Dairemizce ve öncesinde ... (Kapatılan) 16. Hukuk Dairesince istikrar bulan uygulama ile 3402 sayılı Kadastro Kanun'un ek. 4. maddesi uyarınca yapılan kullanım kadastrosu ya da güncelleme çalışmasının kesinleşmesi ve akabinde taşınmazın maliki olan Hazine tarafından 6292 sayılı Kanun uyarınca kullanıcısı ya da kullanıcısının muvafakati ile diğer kişilere satılması ve kişiler adına tapu kaydı oluşması halinde bu taşınmazlar hakkında kullanıcı şerhine yönelik olarak açılmış ya da açılacak davaların dinlenemeyeceği kabul edilmiştir.
Eldeki dosya kapsamına göre; davanın konusunu oluşturan ... İlçesi ... Mahallesi kadastro çalışma alanında bulunan 1661 ada 13 parsel sayılı taşınmazın tespitinin beyanlar hanesinde 6831 sayılı Kanun uyarınca Hazine adına orman sınırları dışına çıkarıldığı ve 20 yıldan beri ...’ın kullanımında olduğu belirtilerek belirtilerek 17.06.2010 tarihinde Hazine adına tespitinin yapıldığı, askı ilan süresi içinde itiraz edilmemesi nedeniyle 02.08.2010 tarihinde kesinleşerek tapu kaydının oluştuğu, davacılar ... ve ... Eraslan tarafından taşınmazın bir bölümünün kendi kullanımlarında olduğu iddiasıyla kullanıcı şerhine yönelik olarak 01.06.2011 tarihinde eldeki davanın açıldığı, yargılama sırasında 16.01.2014 tarihinde 6292 sayılı Kanun gereğince satışı yapıldığı belirtilerek malik olarak ... Belediyesi adına tapu kaydının oluştuğu, beyanlar hanesinde de yine davalı ...’ın adına tespitte oluşan kullanıcı şerhinin korunduğu anlaşılmaktadır.

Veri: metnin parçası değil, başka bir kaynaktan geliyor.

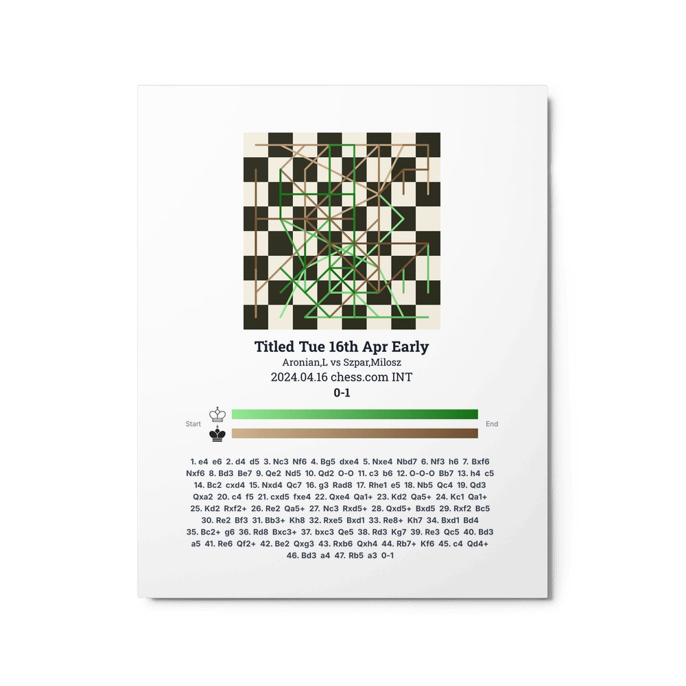 Museum-quality poster on thick, durable matte paper. A sharp, clean look for any chess visualisation.

Taşınmazın her ne kadar 6292 sayılı Kanun uyarınca davalı ... Belediyesine satışı nedeniyle Belediye adına tapu kaydı oluşmuş ise de bu devrin 6292 sayılı Kanun'un 8. maddesi uyarınca devredildiği, anılan maddenin 2. bendinde, "... hak sahipleri ve mevcut hakları da belirtilmek suretiyle ..." devrin yapılacağının düzenlendiği, 7. bendinde ise "Devralan idareler devraldıkları taşınmazları; hak sahiplerinin talebi üzerine fiili durumuna uygun olarak ifraz edilmek suretiyle müstakil parsel veya paylı olarak, üzerinde çok katlı bina bulunan taşınmazlarda ise kat mülkiyeti tesisi suretiyle, bunun mümkün olmaması hâlinde paylı olarak hak sahipleri ile bunların kanuni veya bu Kanunun yayımı tarihinden önce yapılmış olan akdî haleflerine tabi oldukları mevzuatına göre bu Kanunda belirtilen satış ve ödeme koşullarını da dikkate alarak rayiç bedel üzerinden doğrudan satabileceği gibi; hak sahipleri taşınmazı doğrudan satın almış olsaydı Hazineye ödeyeceği bedeli devralan idarelere ödemeyi kabul etmesi hâlinde, taşınmaz kendisine ait kabul edilerek hakları karşılanmak kaydıyla devir alan idarelerin kendi projelerinde ve mevzuatlarına göre değerlendirebileceği, üzerinde ... ve eklentileri bulunan proje alanında kalan taşınmazların üzerindeki yapılar için; o yıla ait Çevre ve Şehircilik Bakanlığı ... birim fiyatlarından eksik imalat bedeli ve yıpranma payı düşüldükten sonra kalan bedelin ödeneceği ya da bu bedelin, devralan idareler tarafından gerçekleştirilen projeler kapsamında hak sahiplerine verilecek taşınmazların bedelinden mahsup edileceği, bu durumda hak sahipleri, bu hakların dışında taşınmazların doğrudan satış hakkından yararlanamayacakları" hükmünün getirildiği anlaşılmaktadır.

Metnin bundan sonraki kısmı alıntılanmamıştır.